# Boys bonding



## frags (Feb 5, 2009)

Here's my 5 year old son having a cuddle with our new addition


----------



## BeagleOesx (Oct 9, 2009)

Awwww, they are both so cute & adorable. They are going to grow up together being the best of buddies, they will have a very special bond. :thumbup:


----------



## frags (Feb 5, 2009)

BeagleOesx said:


> Awwww, they are both so cute & adorable.
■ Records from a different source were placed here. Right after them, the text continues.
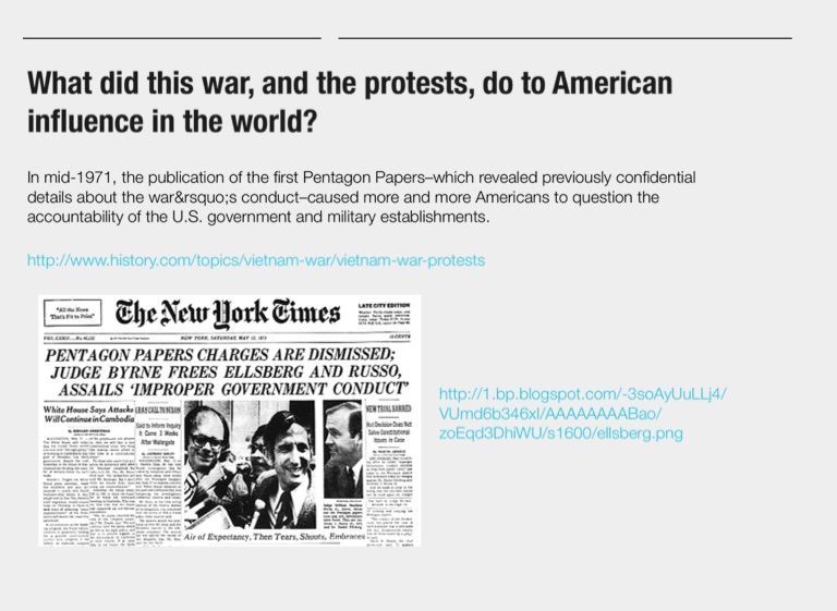 In mid-1971, the publication of the first Pentagon Papers–which revealed previously confidential details about the war’s conduct–caused more and more Americans to question the accountability of the U.S. government and military establishments.
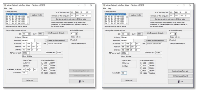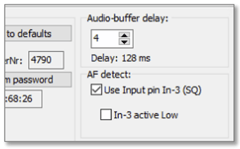 The default setting is that Audio data starts when the internal AF detector senses an AF signal at the input. The threshold for this can be set using the Mimer Network Interface Setup program. In some setups the audio line is full duplex.
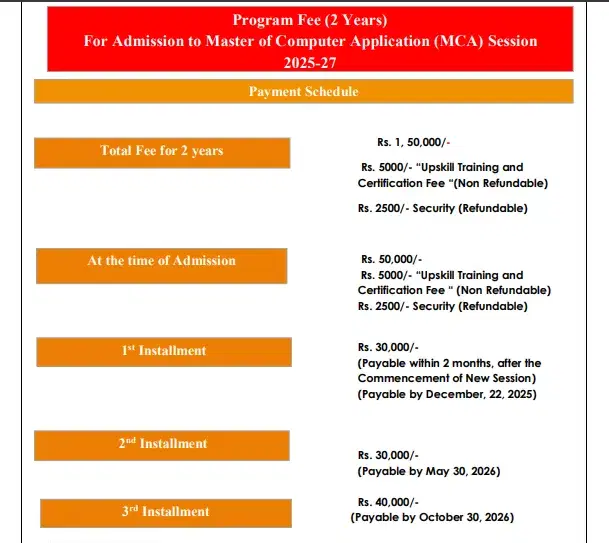 The total fee for the 2-year MCA program (2025–2027) is Rs. 1,50,000, along with Rs. 5,000 for upskill training and certification (non-refundable) and Rs. 2,500 as refundable security. At the time of admission, Rs. 50,000 plus the above-mentioned Rs. 7,500 is payable. The 1st installment of Rs. 30,000 is due within 2 months of session commencement (by December 22, 2025). The 2nd installment of Rs. 30,000 is payable by May 30, 2026, and the 3rd installment of Rs. 40,000 is payable by October 30, 2026.
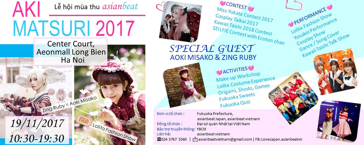 Kỷ niệm tròn 5 năm thành lập asianbeat vietnam, đáp lại sự ủng hộ và yêu mến của hơn 5 vạn fan, asianbeat, phối hợp với Đại sứ quán Nhật Bản tại Việt Nam, tổ chức AKI MATSURI 2017 tại TTTM Aeonmall Long Biên, Hà Nội vào ngày 19/11, tạo sân chơi lý thú cho các bạn trẻ yêu văn hoá Nhật.
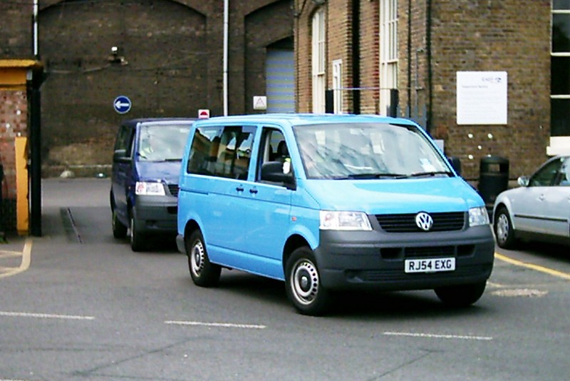 Details: Here are some more service vehicles that look anything but. Leaving the Kings Cross depot of Metroline on 20th June 2006, these two VW Transporter minibuses are in fact used in the crew ferry role. Light blue RJ54EXG leads dark blue RF54MTO. |
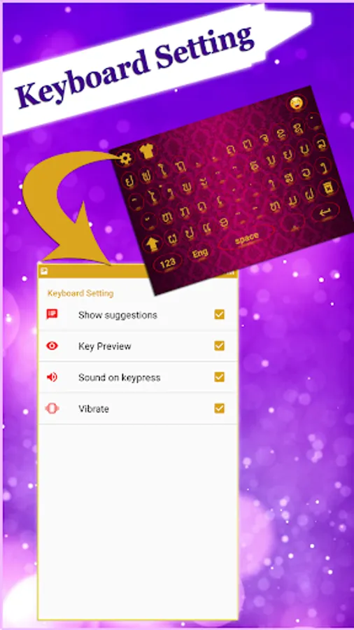 If you desire to change your mobile keyboard color and style, you'll require a Lao 5 row keyboard customize such as Lao typing keyboard with colorful keyboard themes. Feel free to desire any beauty themes from keyboard themes and to set it as your keyboard background themes. Lao Typing Keyboard for Android is a simple and fast Lao writing keyboard app for Android devices. This Lao Alphabet keyboard theme app will allow you to write any text in Lao as well in Lao. With Laos writing App you can write all Lao letters, Alphabets, and Lao words.
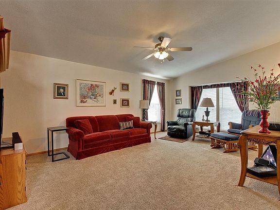 OPEN HOUSE Saturday, Jan 26, 11-1pm. IDEAL location across from the clubhouse fitness center & pool, & steps from the community park/playground. If you have been looking for a new ranch style home, don't miss this opportunity! NEW ROOF just installed! This open floor plan features a living room, kitchen & dining areas. Eat at the breakfast bar or in the dining room. Extend your dining to the patio in a beautifully maintained yard. Large master suite includes both soaking tub and walk-in shower. Two more bedrooms share a full-bath. An oversize attached 2-car garage and a large shed offer a lot of storage. Single owner has used Norvex products exclusively for all interior cleaning. This home is meticulously maintained, move-in ready and a tremendous value you won't want to miss! Prairie Greens is a land lease community. The monthly fee ($625) is the land lease fee that includes all community amenities.

They are going to grow up together being the best of buddies, they will have a very special bond. :thumbup:


Thank you, although my son wasnt impressed with him biting him (damn puppy needles) and says send him back lol


----------



## thedogsmother (Aug 28, 2008)

Hes gorgeous, dont send him back send him here


----------



## frags (Feb 5, 2009)

thedogsmother said:


> Hes gorgeous, dont send him back send him here


What my 5 year old?  :thumbup: :arf:


----------



## thedogsmother (Aug 28, 2008)

frags said:


> What my 5 year old?  :thumbup: :arf:


:lol: Only if we can do swapsies, in fact two for one, they are lovely together and never fight (honest).


----------



## frags (Feb 5, 2009)

thedogsmother said:


> :lol: Only if we can do swapsies, in fact two for one, they are lovely together and never fight (honest).


Ahhh but what you dont realise is that i actually have 4 children & 3 are dreaded teenagers so we have to do 4 for 2 :lol:


----------



## thedogsmother (Aug 28, 2008)

frags said:


> Ahhh but what you dont realise is that i actually have 4 children & 3 are dreaded teenagers so we have to do 4 for 2 :lol:


TDM has left the building, should you wish to leave a message do so after the beep ... BEEEEEP


----------



## frags (Feb 5, 2009)

thedogsmother said:


> TDM has left the building, should you wish to leave a message do so after the beep ... BEEEEEP


Nuff said :001_tt2:


----------



## beary_clairey (Jan 23, 2011)

Wow!! He looks like a big pup and what a beautiful colour.

Your son is gorgeous 2! I will take either of them!


----------



## frags (Feb 5, 2009)

beary_clairey said:


> Wow!! He looks like a big pup and what a beautiful colour.
> 
> Your son is gorgeous 2! I will take either of them!


Thank you, il start packing there cases now


----------